Our 40,000 strong HI profession, partnering with several hundred thousand clinicians in the care of the health of millions of Canadians, are passionately building on the service and work of four decades and COACH has been there, continually advancing as the valued, vital and respected association for HI in Canada. Let’s celebrate that!

As I step down this spring from my work as CEO of COACH, I can look back at the challenges, changes, successes and difficulties of over three decades of service, hard work and passion for what we now call digital health. In all that, I am extremely proud to be a member of our HI community and of all we have accomplished together.
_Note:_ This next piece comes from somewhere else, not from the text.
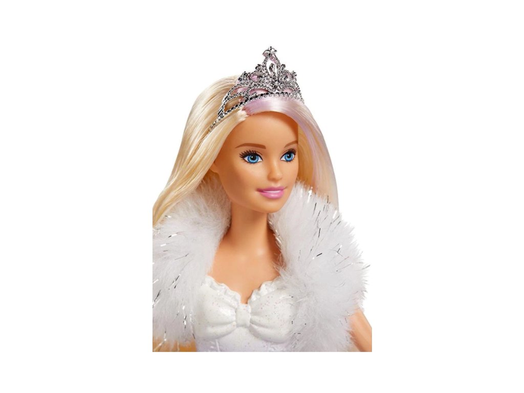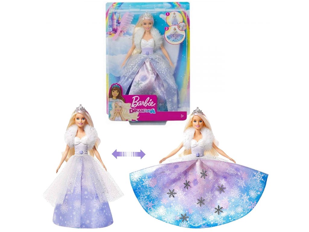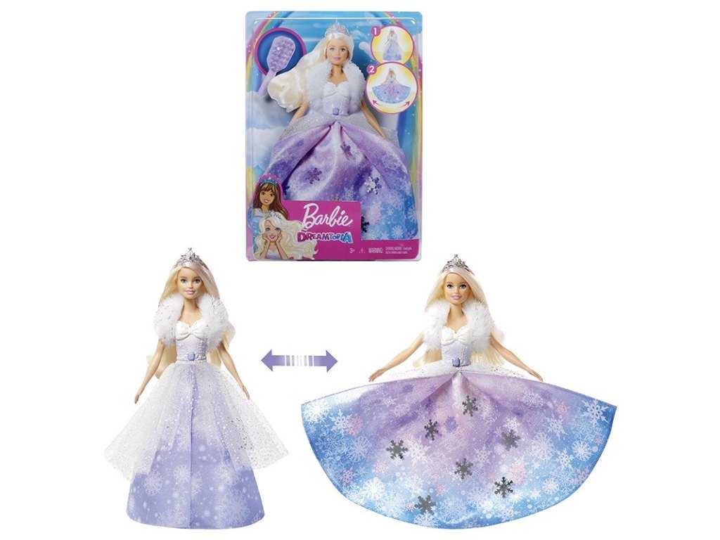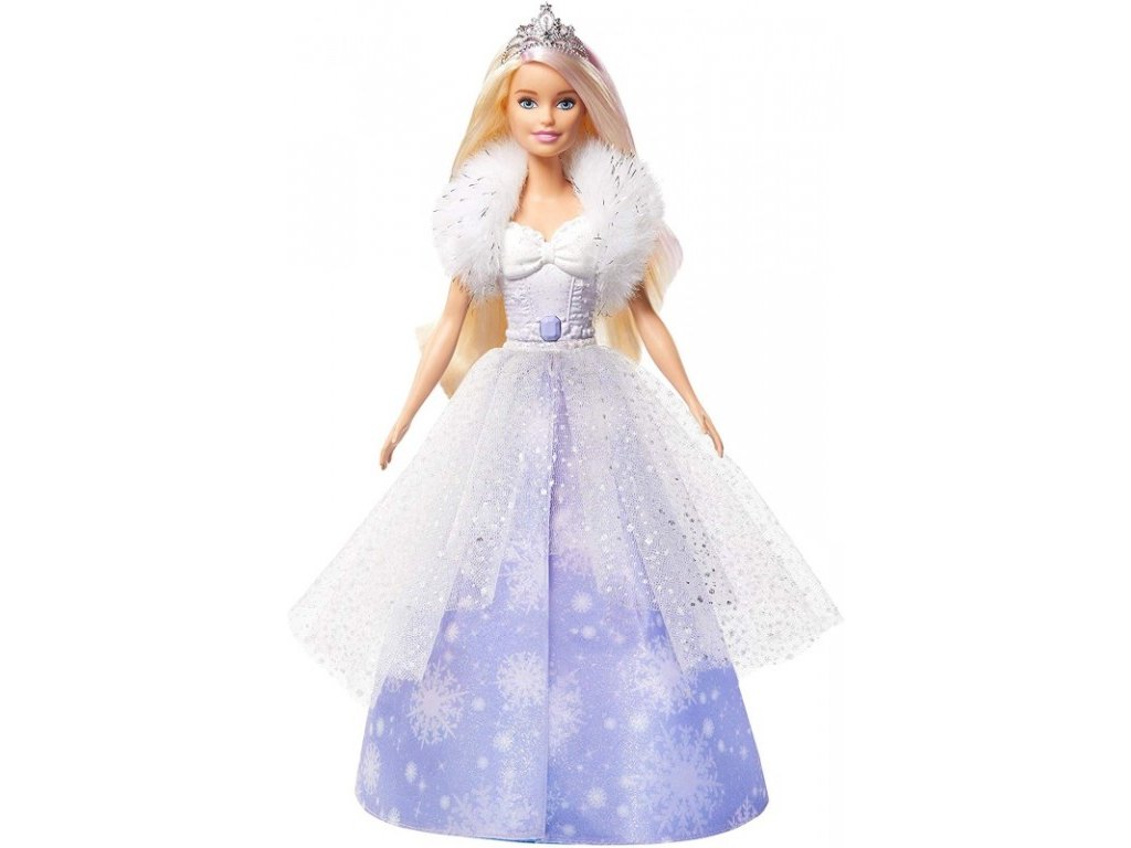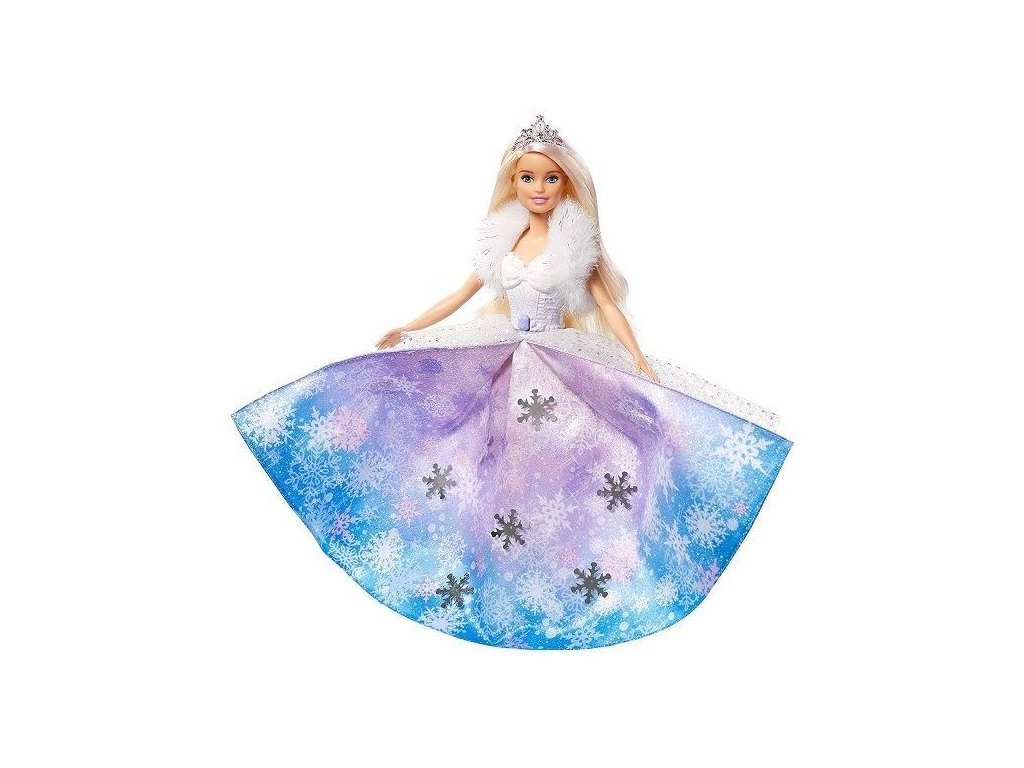 Užijte si společně s princeznou♛ Barbie spoustu zábavy v královském stylu. Barbie® se u této příležitosti oblékla do překrásných večerních šatů. Bohatě zdobenou sukni v ledově modré a levandulové barvě zdobí motivy sněhových vloček ❄︎ a jemná třpytivá látka.

Most of all, I’m so very thankful for the cherished friendships and connections with everyone I’ve met and worked with in those years. You have given me such an awesome lifetime career that I couldn’t have imagined as fresh university grad in ’75. And you will have great success in your careers and continue to shape our beloved COACH into the next decade. I will miss you, but we will connect yet again in spirit and in whatever my future holds.

In the meantime, raise a toast with me to all of us and to COACH’s 40th anniversary!